Inside python dict — an explorable explanation

JavaScript code is loading...

Searching efficiently in a list

Why are hash tables called hash tables?

Putting it all together to make an "almost"-python-dict

How python dict really works internally

Chapter 4. How Python dict really works internally

Now it is (finally!) time to explore how the dict works in Python!

This explanation is about the dict in CPython (the most popular, "default", implementation of Python). Most of CPython is implemented in C, and the dict implementation is written in C too. This explanations reimplements everything in Python, because the main focus of this explanation is algorithms. Nevertheless, the state of dicts on this page should match the state of dicts inside CPython 3.2. I.e. the hash() codes of keys should match, the probing result should match, and as a result the slots match as well.

In other words, this is an actual reimplementation of Python dict in Python that mirrors all of the aspects of the underlying data structure. And the visualization might as well be the visualization of the state produced from the C code.
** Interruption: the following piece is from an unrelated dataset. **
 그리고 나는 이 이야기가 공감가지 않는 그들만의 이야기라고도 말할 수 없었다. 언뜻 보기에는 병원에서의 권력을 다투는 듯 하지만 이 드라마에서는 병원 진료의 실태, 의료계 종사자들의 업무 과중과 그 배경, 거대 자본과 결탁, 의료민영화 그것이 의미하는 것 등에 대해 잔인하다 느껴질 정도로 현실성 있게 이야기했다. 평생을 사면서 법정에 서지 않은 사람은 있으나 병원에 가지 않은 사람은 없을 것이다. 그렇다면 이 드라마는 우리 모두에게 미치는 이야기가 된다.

Why CPython 3.2? It's a good starting point, later versions expand the implementation (rather than replace it), so this chapter focuses on CPython 3.2's dict, and future chapters will discuss changes in the later versions (3.3 - 3.7).
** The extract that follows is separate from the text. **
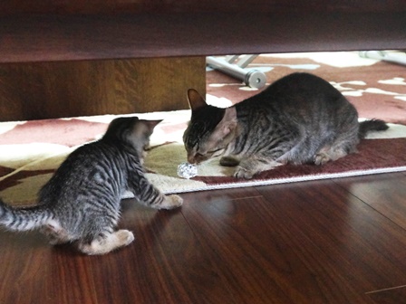 警戒心の強いママが、こんなにも「猫」っぽく遊んでくれるなんて。うれしい~。

The central difference between almost-Python-dict from the third chapter and real Python dicts is the probing algorithm. This probing algorithm stayed the same in all versions (at least up until 3.7, which is the latest version at the time of writing)

The probing algorithm

The problem with the simple linear probing is that it doesn't mix up the keys well in many real-world data patterns. Real world data patterns tend to be regular, and a pattern like 16, 0, 1, 2, 3, 4... would lead to many collisions.

Linear probing is prone to clustering: once you get a "clump" of keys, the clump tends to grow, which causes more collisions, which cause the clump to grow further, which causes even more collisions. This is detrimental to performance.

One way to address this problem by using a better hash function, in particular when it comes to integers (hash(x) == x for small integers in Python). Another way to address this problem is by using a different probing algorithm - and this is what CPython developers decided.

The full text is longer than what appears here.